Anthony Weiner is back. The voluble former New York congressman and notorious crotch-texter is plotting his political comeback. “I don’t have this burning, overriding desire to go out and run for office,” he told the New York Times. “It’s not the single animating force in my life as it was for quite some time. But I do recognize, to some degree,” he added in a veritable declaration of his candidacy, “it’s now or maybe never for me, in terms of running for something.”
Weiner may be a nasty piece of work—his own brother calls out his “douchiness”— but he’s not nuts for envisioning himself in Gracie Mansion, the seat of New York’s Mayor. He’s got a good shot at electoral redemption less than two years after “Weinergate.” A recent poll of registered Democrats conducted by Marist College/NBC News found Weiner running second in the mayoral race.
Mark Sanford may have exited Stage Right just a few years ago as a result of his own sex scandal, but the former governor of South Carolina has circled around backstage and is ready to enter Stage Left. He’s vying to win a congressional seat he once held for three terms.
Sanford’s five-day disappearance to see his mistress in Argentina during his governorship and subsequent dissembling about his whereabouts would seem sufficient to permanently damage his political career, as would his rank hypocrisy given his social conservatism. Yet Sanford recently won the GOP primary for his old seat. While this was before his ex-wife slapped him with a trespassing complaint, in the land of second chances, the latest setback probably won’t likely derail his comeback. Will anything? Probably not. Let he without sin cast the first ballot; let everyone else run for office—again and again.
Republican strategist Alex Castellanos thinks the public’s tolerance for scandal has grown because of technology. “In the age of constant communications, our politics has devolved to the point that political rehab is now the norm,” he told Politico. “Although tawdry doings by public figures isn’t new, “what is different is that there is no distinction between private and public life…Everything is public. Political leaders never take their jerseys off after the game. There is no ‘after the game.’ Therefore, all the flaws and faults their private lives once sheltered must now be rehabbed in public view.”
Castellanos may be onto something, but our merciful inclination extends beyond scandal-prone elected officials. Many neoconservatives who confidently promised that naked imperialism would bring salvation to one and all largely remain in good standing in polite society.

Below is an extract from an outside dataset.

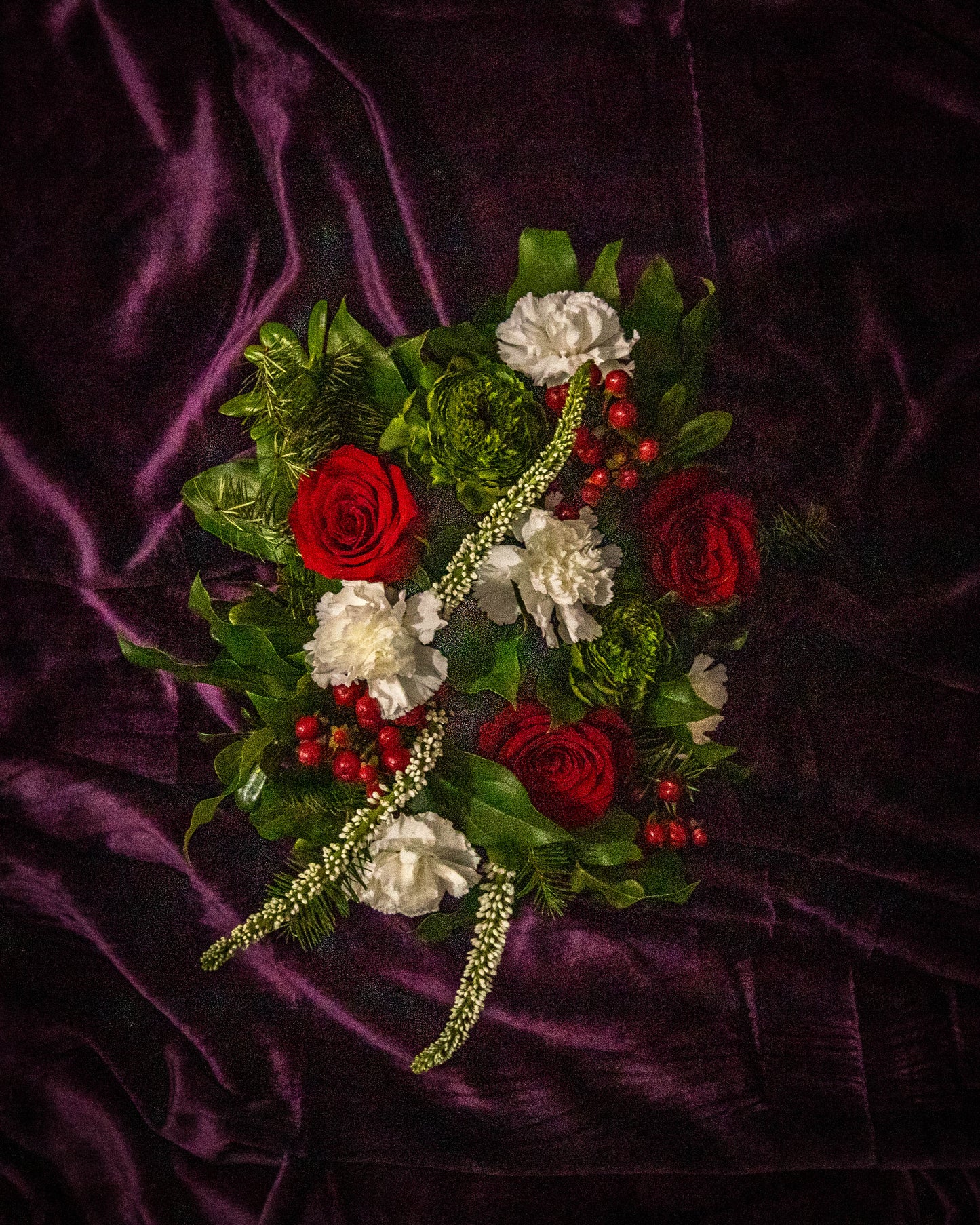 Each arrangement is handcrafted fresh in our studio, using premium seasonal flowers and long-lasting evergreens.

While a lawyer similarly inept would be disbarred and an incompetent physician would lose his medical license, the arrogant hacks advocating the invasion of Iraq suffer no sanctions whatsoever. Their grandiose vision may have proven ruinous for Americans and Iraqis alike, yet their counsel is still sought. You can find them shamelessly pontificating on television or in the op-ed pages of the country’s most respected newspapers. Their so-called Freedom Agenda may be relegated to history’s trashcan, but they somehow have retained the “freedom” to be ass-backwards wrong.
Redemption is no sin, of course. Quite the opposite; it can be commendable. “I once was lost but now am found,” goes Amazing Grace. “Was blind, but now I see.” But here’s the rub: all too often, we don’t recognize the possibility of redemption for the most down and out. Just look at mandatory sentencing laws, examples par excellence of cruel and unusual punishment for those we judge irredeemable. However, we do forgive the unworthy, provided they’re from the establishment. To not recognize this transparent distinction is to miss the most forceful contradiction undermining our democracy.
Weiner’s sexting was his own business, but not his lying about it. The latter justified his resignation. Similarly, Sanford’s dalliance was not the public’s concern, though his deceitfulness following the episode did warrant scrutiny and condemnation. But aside from perfunctory apologies, what have the two offered up before returning to public life? Just a short sabbatical.
And how about the neocons? They have expressed no regret or contrition. Anything but. In most cases, they insist that their discredited worldview has actually been vindicated. More than a few even took credit for the Arab Spring, which they alleged was inspired by the Freedom Agenda, until the region’s revolutions soured and they backtracked. But why are we listening to them at all? Similarly, why has absolution been offered to those who haven’t sought it?
F. Scott Fitzgerald famously said, “There are no second acts in American lives.” Unfortunately, when it comes to the most underserving, he was sadly mistaken.